Destination Wedding & Honeymoon Turkey’09 Fuarı İstanbul’da ilk defa gerçekleşti. Bu yeni oluşum nasıl ortaya çıktı?

New York gibi kozmopolit ve çok uluslu bir şehirde edindiğim tecrübeler ve farklı çevrelere girmemden dolayı İstanbul ‘‘Beyond Your Expactations’’ Dergisi’ni Amerika’da dağıtabilmem için 2007 yılında THY ulaşım sponsorumuz olmuştu. Türkiye’nin uluslararası turizm pazarında daha fazla pay alması ve özellikle İstanbul’un 2010 Avrupa Kültür Başkenti seçilmesi ve Türkiye’nin son 10 yılda Turizm sektöründe dünya çapında bir sıçrama yapması bana büyük bir ilham kaynağı oldu. Bu noktalardan yola çıkarak, 24-27 Eylül 2009 tarihlerinde İstanbul Fuar Merkezi (Expo Center) 9. Hol’de ‘Destination Wedding & Honeymoon Turkey’ Fuarı’nı gerçekleştirdik.

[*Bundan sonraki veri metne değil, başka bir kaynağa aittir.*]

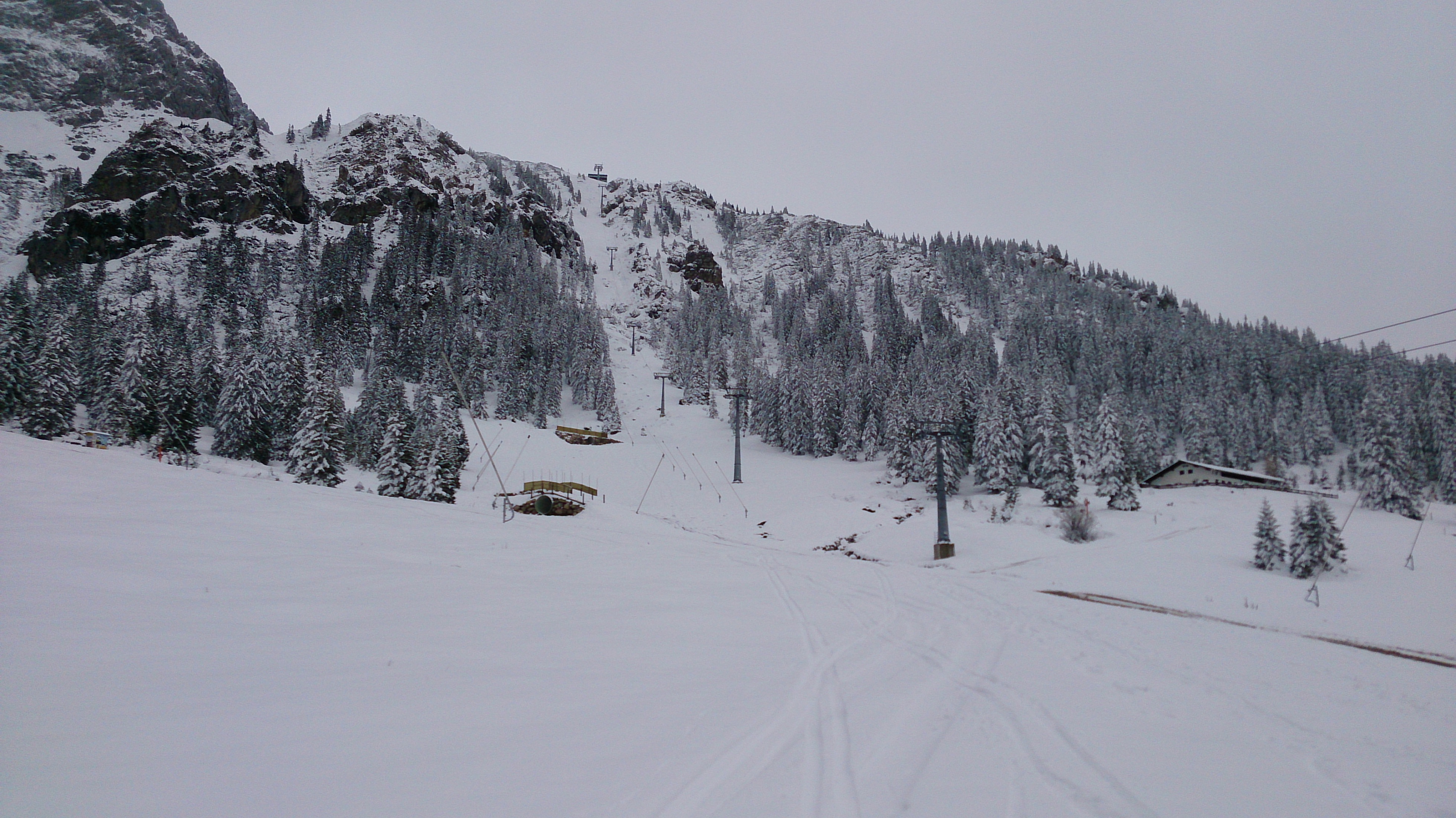 Unterhalb der Ganghofer-Sesselbahn-Talstation wurde der Schnee schon arg knapp, noch weiter unten dann aper:
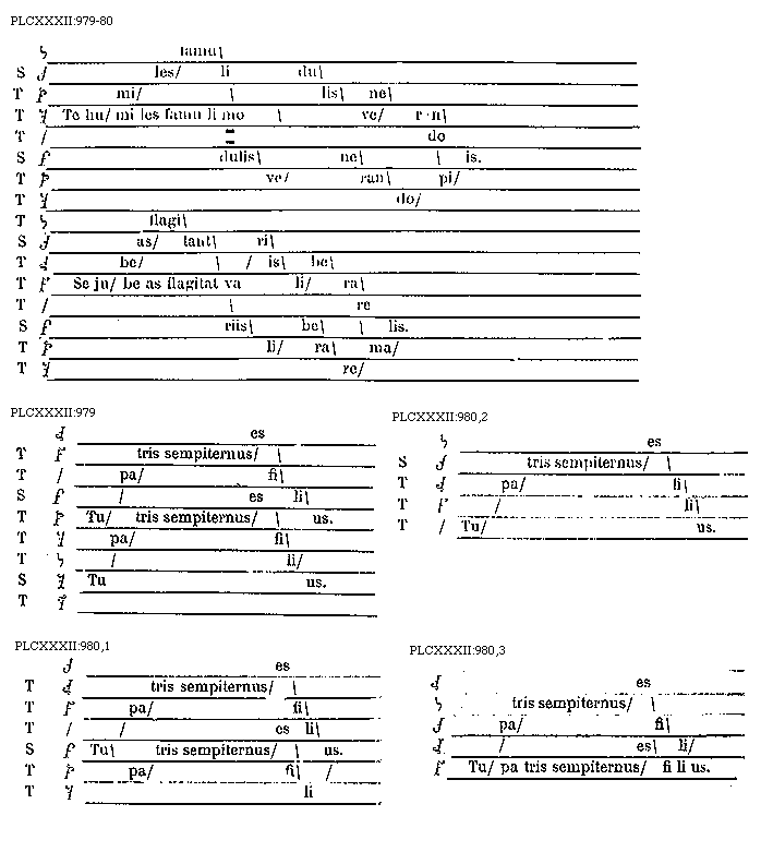 [PLCXXXII:979-80; text: Tonus, Semitonium, Te humiles famuli modulis venerando piis, Se jubeas flagitant variis liberare malis.] [MUSENCH 08GF]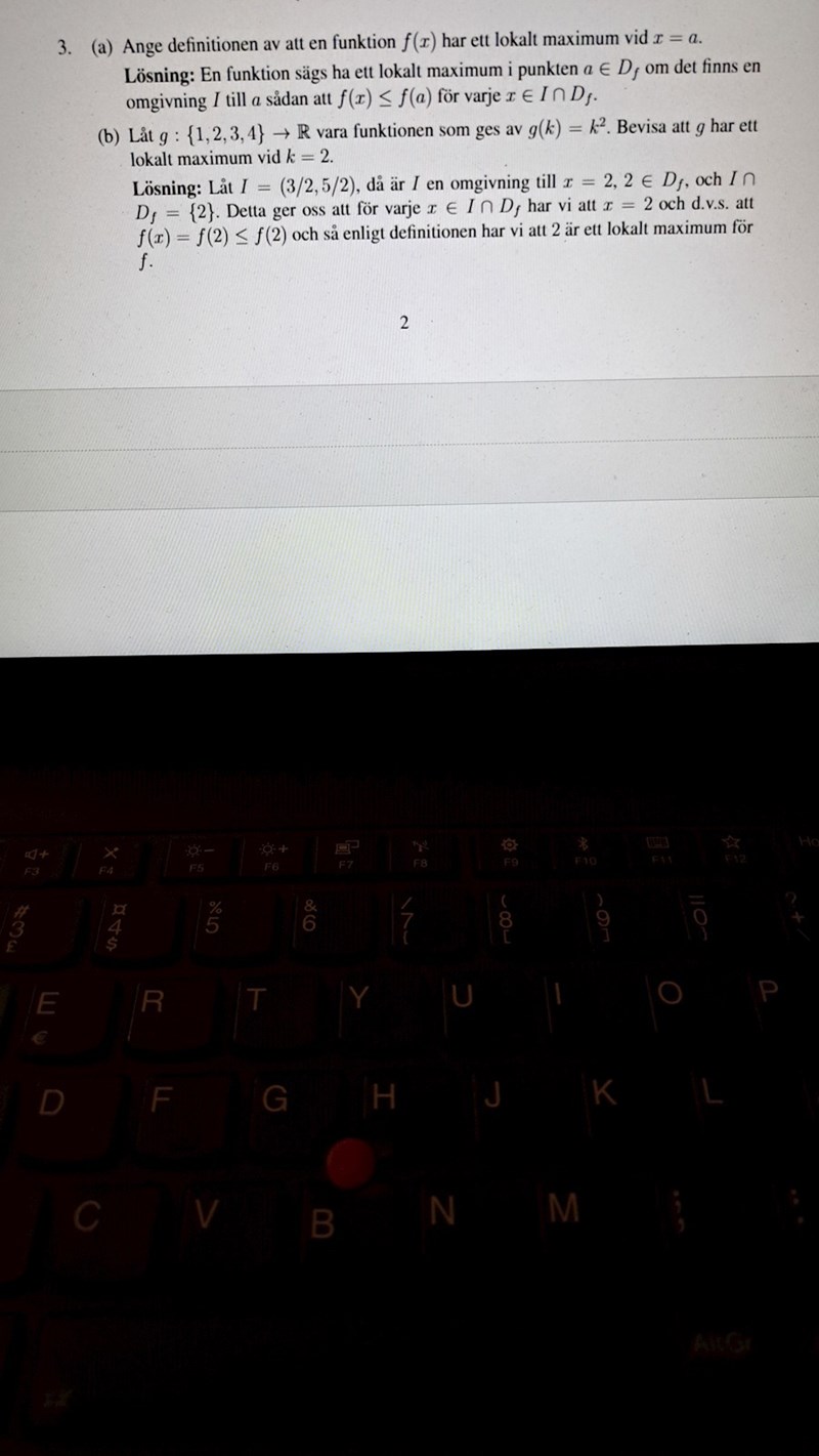 PATENTERAMERA skrev:I är ett öppet intervall som innefattar k = 2. I är en omgivning till k = 2. Det är tänkt att du skall komma på detta I själv. Idén är att det går att hitta ett intervall I sådant att k = 2 är det enda elementet i Df som ligger i intervallet. Det får till följd att inget element x som ligger i både I och Df får ett större funktionsvärde än f(2). Vi kan därför säga att f har ett lokalt max då k = 2.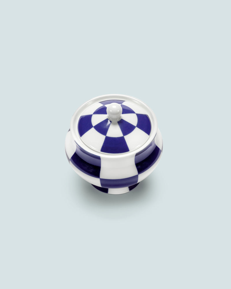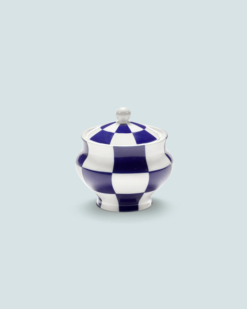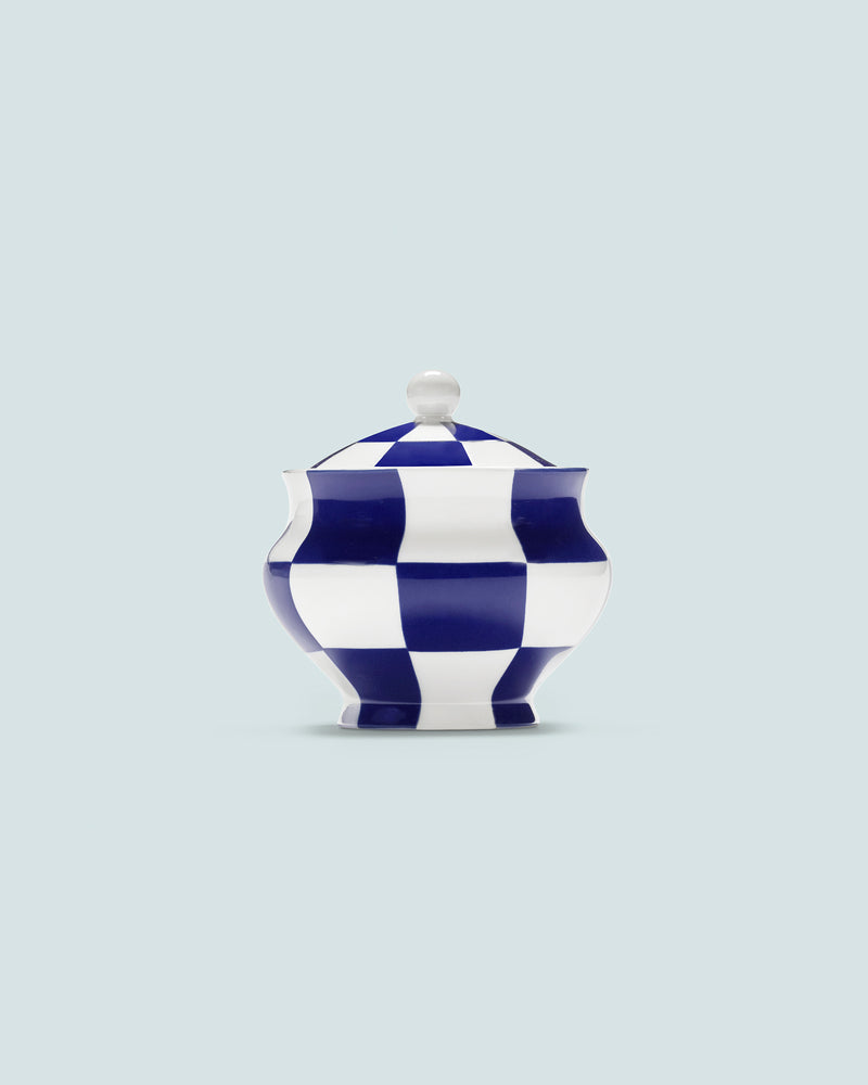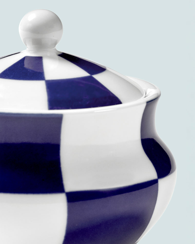Inspired by the iconic chess pattern that ever so often slips into Wouters & Hendrix jewellery, this La Fête des Bêtes sugar bowl is draped in a lapis lazuli blue motif as a not-so-subtle ode to the art of chess. Thankfully though, the only real move here is deciding whether or not to reach for another cup of tea.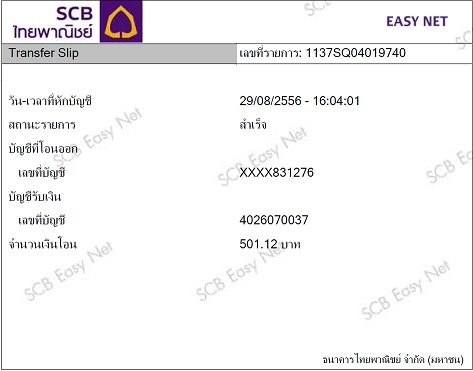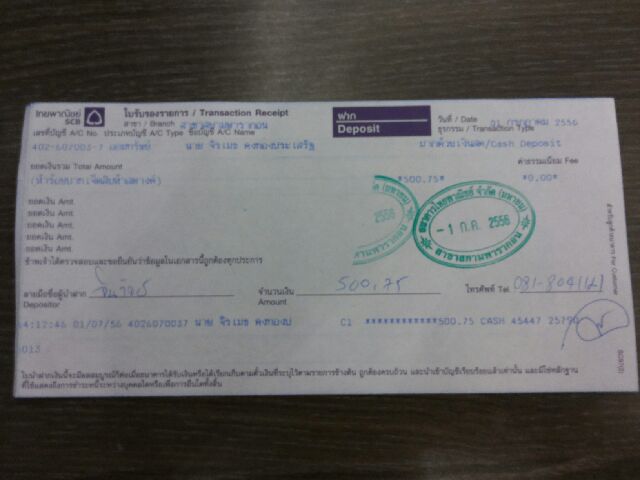 โอนเงิน scb สาขา สยามพารากอน จำนวนเงิน 500.75 บาท วันที่ 01/07/56 เวลา 14:12:46 น.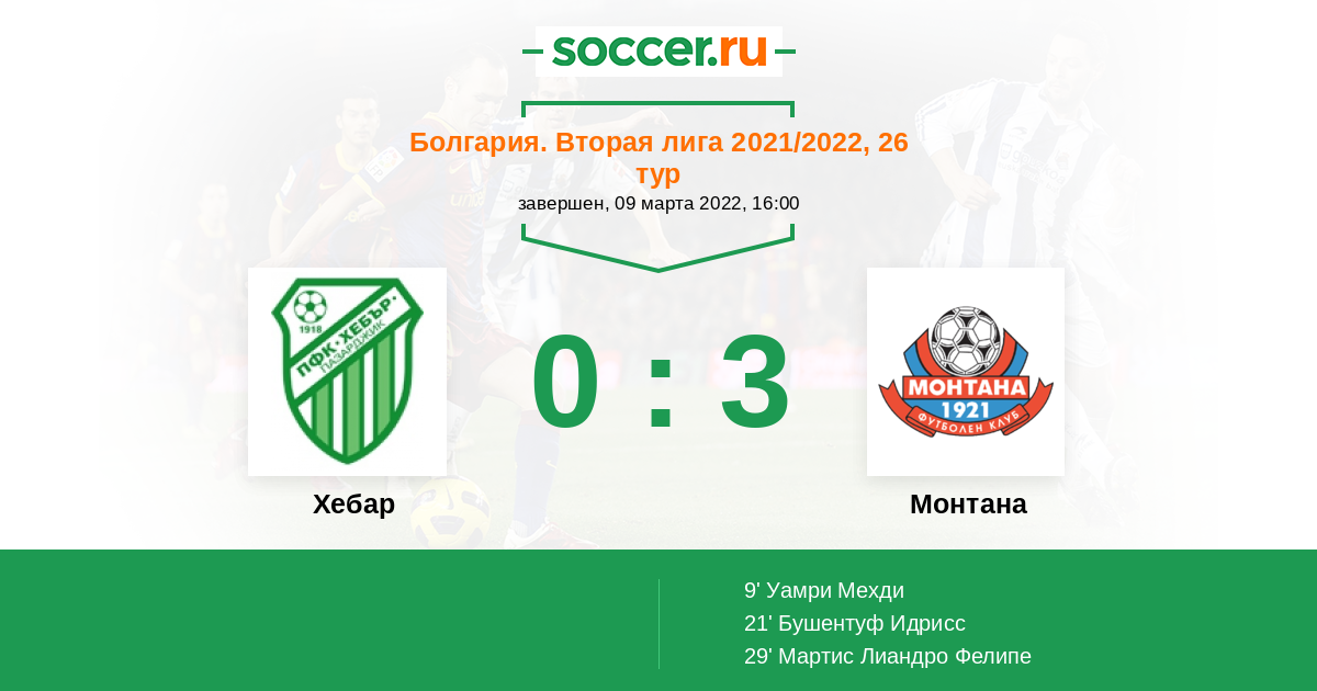 Протокол матча Хебар против Монтана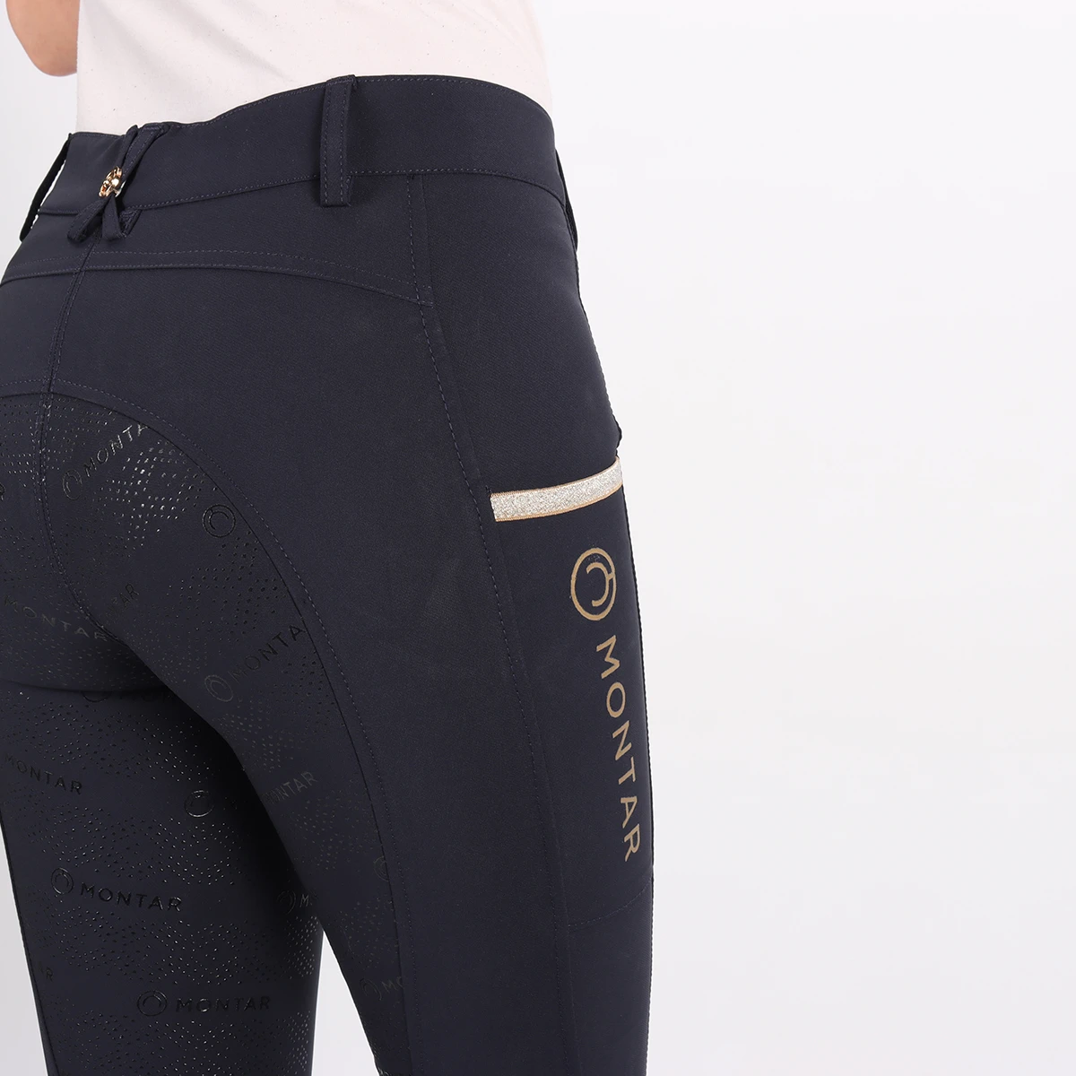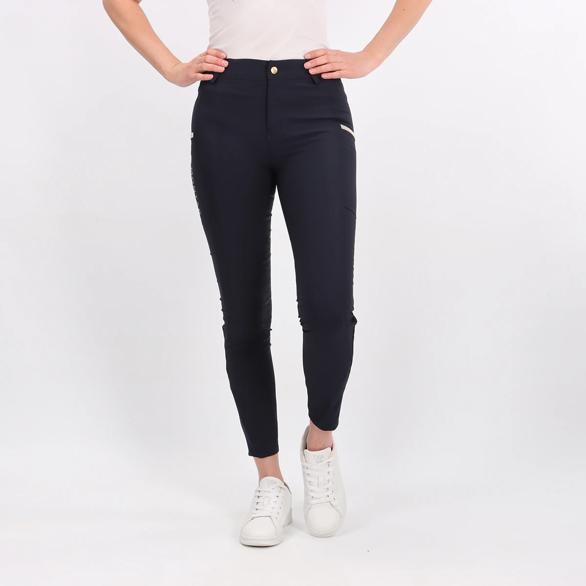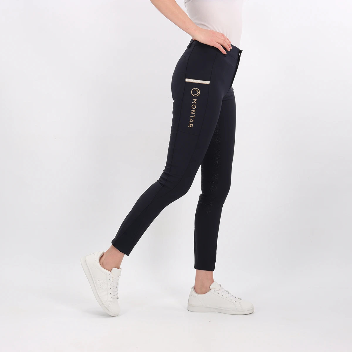 - phone pocket op het rechterbeen met luxe goudkleurige details

Bu fuarın içeriği ve hedef kitlesi kimlerdi?

Dokuz aydır üzerinde yoğun bir emek vererek gerçekleştirdiğimiz fuarın amacı kaliteli bir ‘’Türkiye’de davet ve balayı’’ tanıtımıydı. Hedefimiz, şimdiye kadar Yunanistan, İspanya ve Dubai’nin paylaştığı uluslararası davet pazarını bir nebze Türkiye’ye çekmekti. Katılımcıları arasında Happy Leyla, Alcocholoco Bar Catering, Sait Halim Paşa Yalısı, S&S Music Maker by Salih Saka, Mix Music, Barbaros Bay Kempinski ve Carlo Bernardini gibi davet ve balayı sektörünün yıldız firmaları vardı. Fuarın isminden dolayı ilk başlarda gelinlik ve çeyiz fuarı olarak algılandığını tespit ettikten sonra, bu kapalı devre ve sadece belli bir hedef kitlesi olan fuara daha çok yabancı ziyaretçilerin gelmesini hedefledik. Ve bunun için de bir iş bölümü yapılmasına karar verdik. Uluslararası birkaç seyahat acentesi kanalıyla, yabancıların İstanbul’a getirilmesini delege ettikten sonra bizler de fuarın katılımcı firma kalitesinin üst düzey olmasına odaklandık. Sanıyorum, en büyük hatayı da farkına varmadan bu aşamada yaptık.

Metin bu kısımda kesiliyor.